Re: Find average time of day

Hi John,

the distance between two points can easily be calculated using Pythagoras' theorem, no need for geospatial :-)

SELECT
tr.hours
,SQRT(((tr.x-dt.x)**2) + ((tr.y-dt.y)**2)) AS distance
FROM jh_time_ref AS tr
CROSS JOIN
(
SELECT
AVG(SIN(RADIANS(EXTRACT(HOUR FROM open_ts) *15)) * 0.5 + 0.5) AS x
,AVG(COS(RADIANS(EXTRACT(HOUR FROM open_ts) *15)) * 0.5 + 0.5) AS y
FROM jh_time_tests2 a
) AS dt
QUALIFY ROW_NUMBER() OVER (ORDER BY distance) = 1

Re: Find average time of day

Dieter,

I have the same original question and I tried your code but it's not giving me correct answer.

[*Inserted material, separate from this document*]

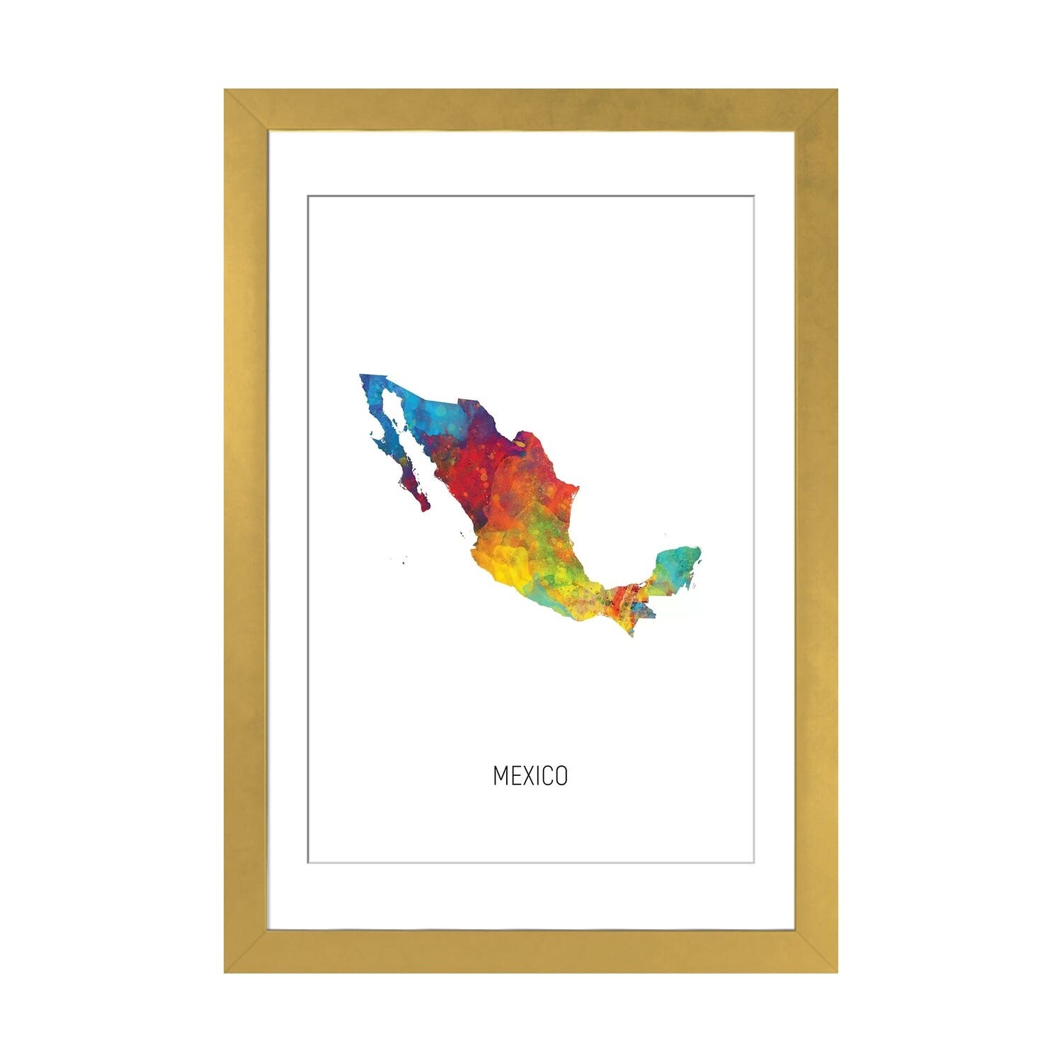 iCanvas "Mexico Map" by Michael Tompsett Framed

When I have two hour values as 19 and 5, it is giving me varied values,19 and 20 (for two different users) as average time of day. Whereas I am expecting to get 0 for midnight.

 

 

Highlighted
Junior Contributor

Re: Find average time of day

Times without time zone follow strange rules :-)

 

The sessions of those users use different time zones, e.g. -5 to get 19:00.

 

It seems to work when you apply UTC:

Avg((opened_at  AT 0) - TIME '12:00:00+00:00' HOUR TO SECOND(0)
   ) + TIME '00:00:00'

 

Re: Find average time of day

Hi Dieter,

Thanks for your reply. Applying the formula on UTC timestamp column. Is there a formula that will calculate the avg of PT timestamp values? Here is my premises- want to have open times in PT and avg open hour of day in PT. What I did so far- converted UT open times to PT (accounted for daylight savings), extracted hour value from PT timestamp, avg of hour values and convert to integer. But, the problem is average of 19 hour and 5 hour is 12 instead of 0 (24 hr format). 

 

Limitations of calculating avg in UTC- gives the average in a 12 hr format (I want 24 hr) and to convert the UT avg value in PT, due to daylight savings, we won't know whether to do -7 or -8 from avg value. So, its more complicated to solve it this way.

Thanks!

Junior Contributor

Re: Find average time of day

UTC doesn't use 12h format, it's always 24h (only when casting to a string there's AM/PM)

 

What's the exact data type of that column, TIME or TIMESTAMP? Including Time zone?

 

Can you show some actual data and expected result?